Aylar önce yaşamak için bir amacım yoktu. Evet, ailem her zaman benim için değerli olmuştu ama onlar kendilerini benden uzaklaştırmışlardı. Onlar dışında tutunabileceğim başka dalım yoktu. O yüzden, şimdi ölsem bile umurumda olmaz, diye düşünüyordum.

Ta ki Doğukan'la tanışına kadar...

Bir anı canlandı zihnimde. "Neden bu dünyaya geldik?" diye sormuştum ona ilk görüntülü konuşmamızda.

O da bana, "Herkes bu dünyaya belirli bir amaç için gönderildi. Kimse boş yere burada değil. Eğer hâlâ buraya gelme amacını bilmiyorsan henüz o amacı gerçekleştirmemişsindir," demişti.

Ve ben de içimden, "Yok yere burada değilim. Bu dünyaya birilerin hayatını değiştirmek için geldim; o birileri de benim hayatımı değiştirmek için bu dünyaya geldi," demiştim.

Sanırım o birilerinden biri ben, diğeri Doğukan'dı.

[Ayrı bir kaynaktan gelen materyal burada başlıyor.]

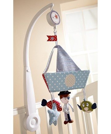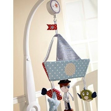 Søt musikkmobil som går rundt og spiller musikk. Kan festes på sprinkelsengen eller veggen, begge fester følger med.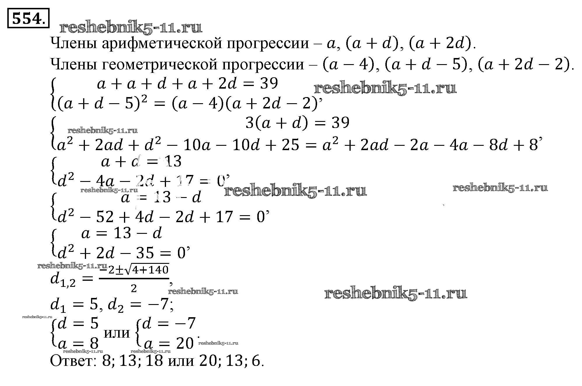 Готовая домашняя работа с ответами по Алгебре за 9 класс Алимов, Колягин, Сидоров Учебник Просвещение 2014 ФГОС - Упражнения 554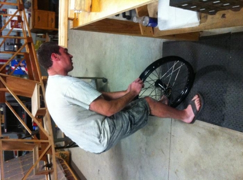 My friend and co-worker, Josiah Morgan stopped by tonight. Josiah lives right across the runway in Eagles Landing, so he stops by often. Anyhow, as he was hanging around he spotted my rims and spokes and asked, "What's with the wheels?" I explained that I was waiting for a cold winter day to pull my hair out trying to lace them. He is a bicycle guy, and has laced rims before, so the next things I know he had parts scattered on the workbench and proceeded to lace up a wheel in about an hour. Wow! I was impressed AND relieved... as much as I prefer to do my own building, lacing the wheels was not something I was looking forward to.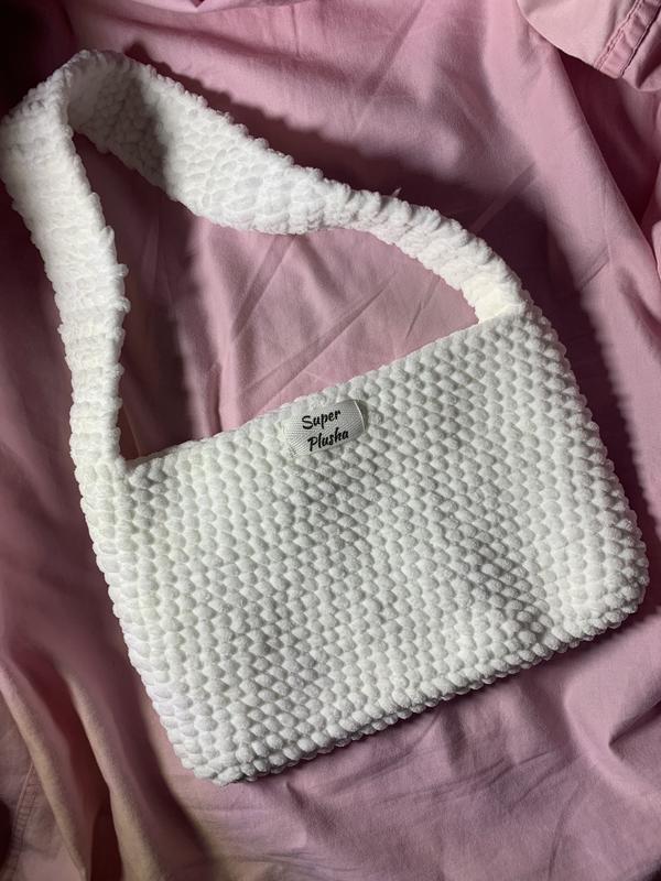 Плюшева сумка 100% полиэстер В белоснежном цвете Большая палитра цветов Изготовление от 2-5 дней Создана под заказ 25см длина 17см высота 20см ручка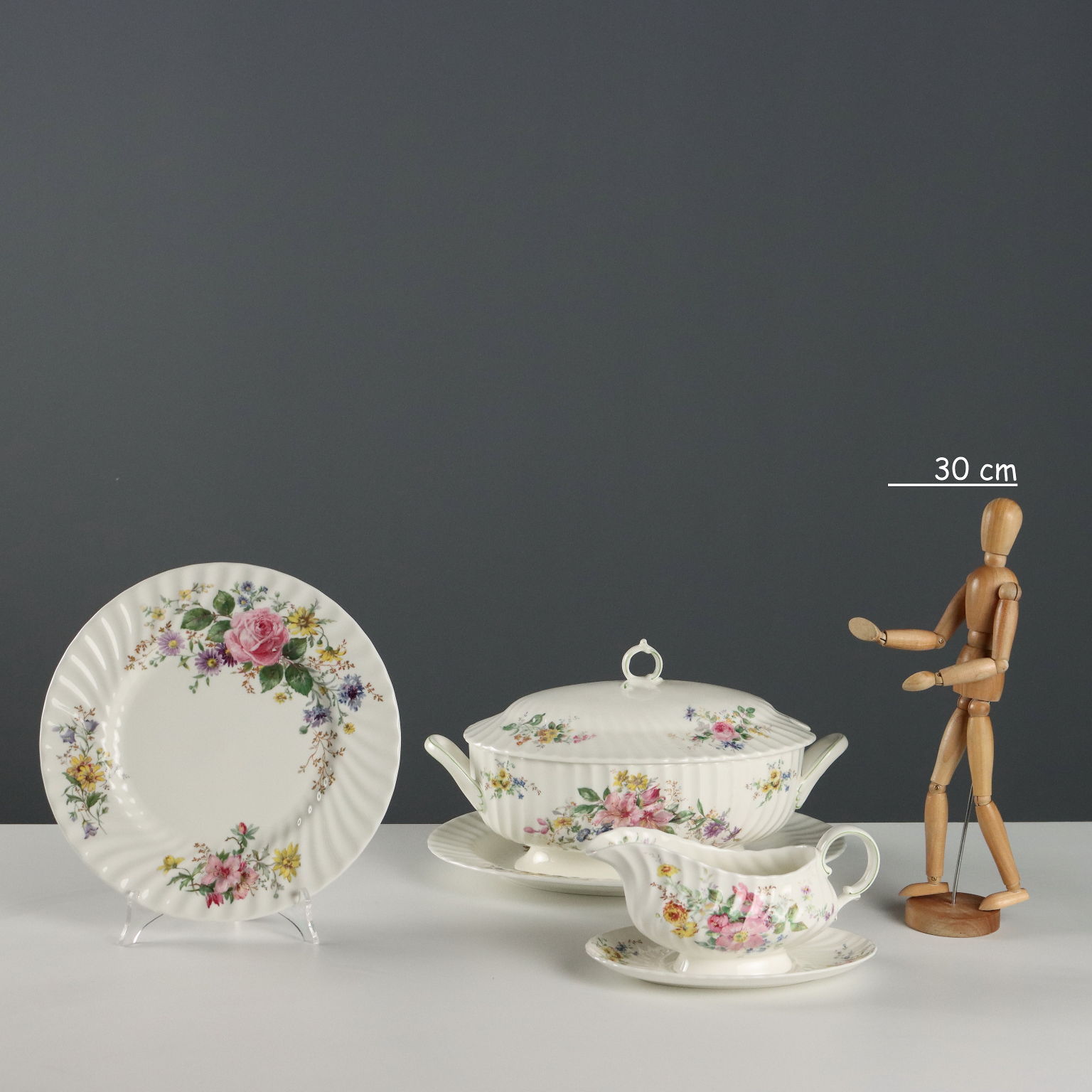 Porzellangeschirr der Serie Arcadia. Das Set besteht aus 1 Suppenterrine, 1 Sauciere, 6 Serviertellern, 25 Speisetellern, 11 Suppentellern und 12 Beilagentellern. Insgesamt 56 Teile. Herstellermarke unter dem Boden.

O kadar karmaşık duyguların içindeyim ki beynimin içinde dönenleri sözcüklere dökmek imkânsız geliyordu. Yerimde duramıyorum adeta. Tek bir mesaj sesiyle kalbim eskisinden daha hızlı atmaya başlıyor, yazdığı mesajı okuyunca bu durum ikiye katlanıyordu. Ne haftaya başlayacak olan sınavlar umurumdaydı, ne de başka bir şey. Onun sayesinde üstümdeki gri bulutlardan kurtulmuştum ben. Güneşin ışığını ve sıcaklığını hissedebiliyordum artık. Şimdi o meşhur Balkanlardan gelen soğuk hava dalgası bile gelse soğutamazdı içimdeki sıcaklığı.

Başka bir şey düşünemiyordum. Derste, teneffüste, serviste, evde, yemek yerken, uyandığımda, uyumadan önce ve rüyalarımda...

Uyurken son düşündüğüm, uyandığımda ilk düşündüğüm o olmuştu bir anda. Bunu nasıl başardı, diye düşünürken aslında bu hissi aylar öncesinden hissettiğimi anlıyordum.

Sadece bu duyguya, heyecana ne diyeceğimi bilemediğim için bu kadar uzamıştı kendime itiraf etmem. Asıl kötü olan da bundan sonra ne yapacağımı bilmemem.